The lawsuits to be filed Tuesday seek damages from the Catholic Diocese of Sioux Falls and the Catholic Diocese of Rapid City in addition to organizations that provided priests and nuns to work in the schools, which were transferred to tribal control about three decades ago.

The lawsuits allege that the religious organizations were negligent in hiring, retaining and supervising staff at the schools. They also argue the organizations failed to protect students from abuse or investigate misconduct at the schools.

Jerry Klein, chancellor of the Sioux Falls diocese, said he could not respond until he had seen the actual lawsuit.

"It's difficult to respond very specifically when we haven seen what's really being claimed," Klein said. "We'll take a look at it as we're able to, and try to respond appropriately."

Sharon Zeller, communications director of the Rapid City diocese, said she also would not comment until church officials have seen the lawsuit.

The lawsuit involving the St. Francis Mission School was filed by 16 former students, while the lawsuit dealing with St. Paul's in Marty was filed by 57 former students.

"All of the Plaintiffs were beaten and tortured, including physical, mental and emotional abuse. Many of the children were sexually assaulted and raped," according to both lawsuits.
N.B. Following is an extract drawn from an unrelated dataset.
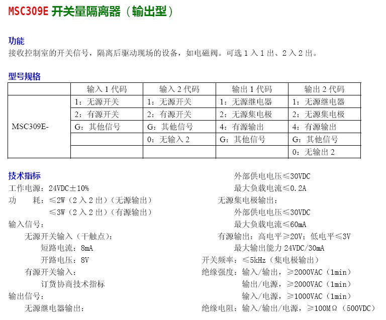 MSC309E-G1,MSC309E-G2,MSC309E-GG,MSC309E-G0,開關量隔離器(輸出型)
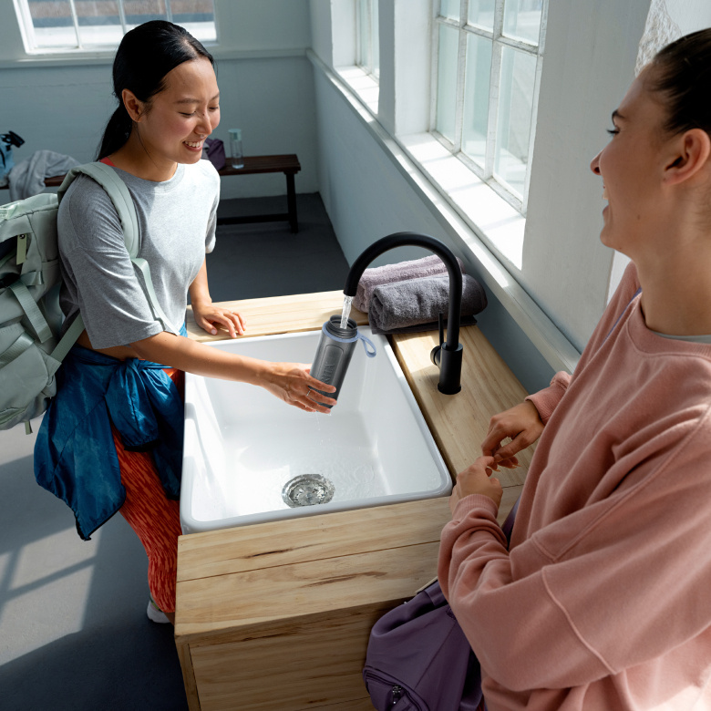 Ściśnij i pij - elastyczny korpus butelki BRITA Active działa jak bidon, a pasek pozwala przypiąć butelkę do plecaka czy torby. Możesz mieć ją zawsze pod ręką podczas biegu, trekkingu czy na siłowni.

Boarding schools for Indian students were created in the late 1800s and early 1900s in an attempt to assimilate young Indians into white society. The schools were closed or transferred to tribal control by the 1970s.

The lawsuits contend that students at the boarding schools were beaten if they spoke their native language or practiced any element of their native culture. Students involved in the lawsuits have said they were beaten or sexually molested while attending the schools.

The lawsuit involving the St. Paul's School in Marty names the Catholic Diocese of Sioux Falls; Blue Cloud Abbey of northeastern South Dakota; Sisters of the Blessed Sacrament, based in Pennsylvania; and Oblate Sisters of the Blessed Sacrament of Marty.

The lawsuit regarding the St. Francis school names the Catholic Diocese of Rapid City; the Wisconsin Province of the Society of Jesus; the Franciscan Sisters of Penance and Christian Charity of Stella Niagra, N.Y.; and School Sisters of St. Francis.

Frischer, the legal consultant, said some Catholic dioceses across the nation have filed for bankruptcy after being sued for alleged abuse. He said even if the South Dakota dioceses declare bankruptcy, the former boarding school students will have a chance to recover damages from the federal government in the lawsuit filed last year in federal court.

The federal lawsuit, which is pending in the U.S. Court of Federal Claims in Washington, D.C., contends the government failed to live up to the terms of the treaties dating to the 1800s that required federal officials to protect the Sioux from "bad men among the whites."

Those involved in the lawsuits have said some of the monetary damages being sought should be used to set up healing centers for former students.